I need to generate a random number in the range [0,1] that is skewed to either side. (Meaning, higher chance of getting more numbers next to 0 or next to 1)

Ideally I would like to have a parameter to set this curve.

I supposed I can do Math.random^2 to get such a result, but what more sophisticated ways are there to achieve this?

Answer 1

I think you want beta distribution with alpha=beta=0.5

It is possible to transform uniform random number to beta distribution using inverse cumulative distribution.

unif = Math.random()

I am not familiar with javascript, but this should be clear:

beta = sin(unif*pi/2)^2

PS: you can generate many such numbers and plot histogram

Edit:

For skewing towards 0, transform the beta values as -

beta_left = (beta < 0.5) ? 2*beta : 2*(1-beta);

For skewing towards 1, transform as -

beta_right = (beta > 0.5) ? 2*beta-1 : 2*(1-beta)-1;

Answer 2

I just came up with a simpler way to get random numbers skewed to each side, and which doesn't have any dependencies.

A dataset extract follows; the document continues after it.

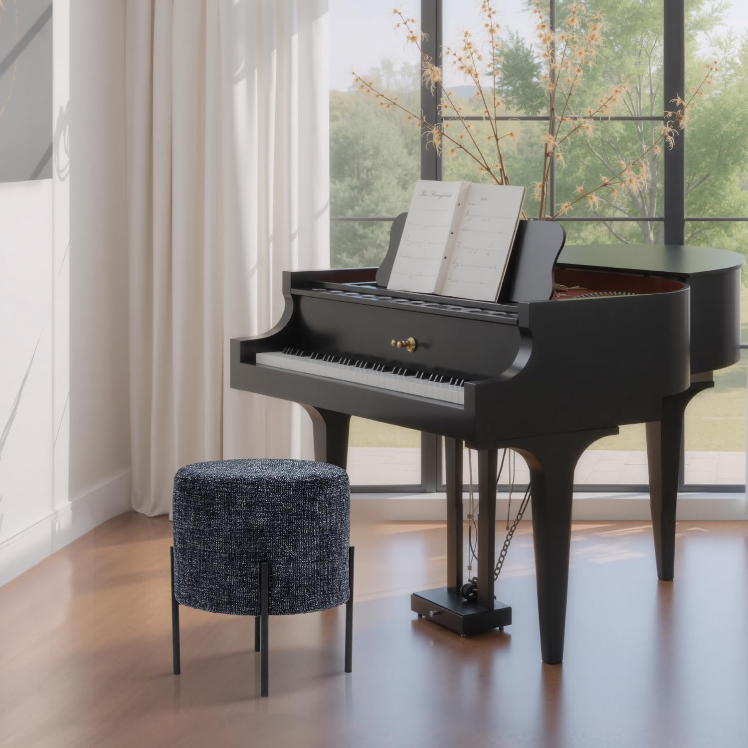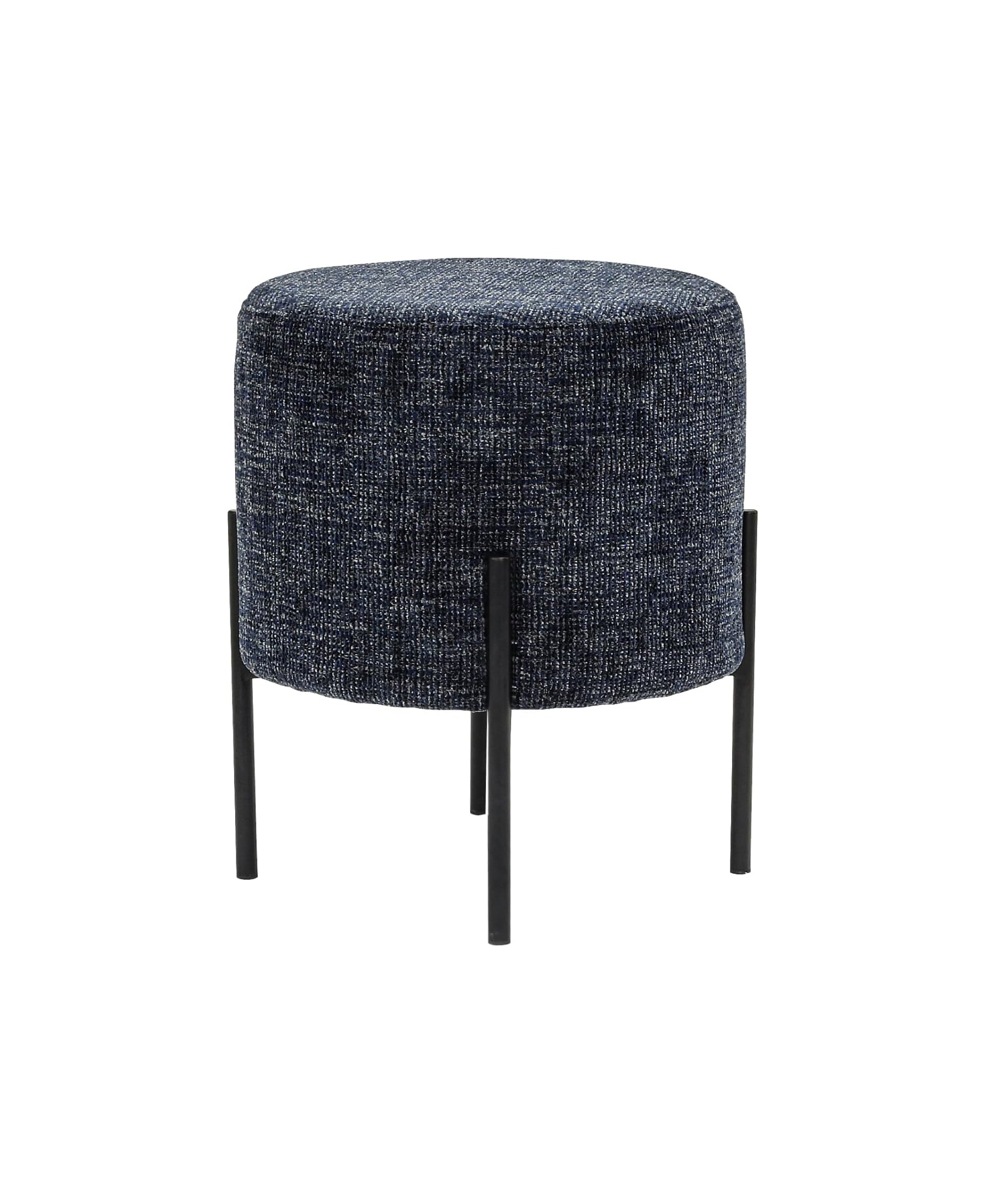 Linen Round Multifunctional Stool with Black Metal Legs (Blue)

This method uses two of Javascript's regular random numbers. The first is multiplied with itself (the larger the exponent, the bigger the skewing effect), and the second chooses which side of the distribution to skew to.

function skewedRandom() {
    const a = Math.pow(Math.random(), 2);
    if (Math.random() < 0.5) {
        return a;
    }
    return 1 - a;
}

In this code the exponent is set to 2. A sample histogram from 10,000 executions with the exponent at 2 as above:

With exponent 3:

And with exponent 10:

Answer 3

I think you need to rethink your question. The Poisson is a counting distribution specified in terms of a rate, such as how many occurrences of something do I see on average per time period. It yields positive integers so the result can't be just in the range [0,1]. Can you please clarify what you want?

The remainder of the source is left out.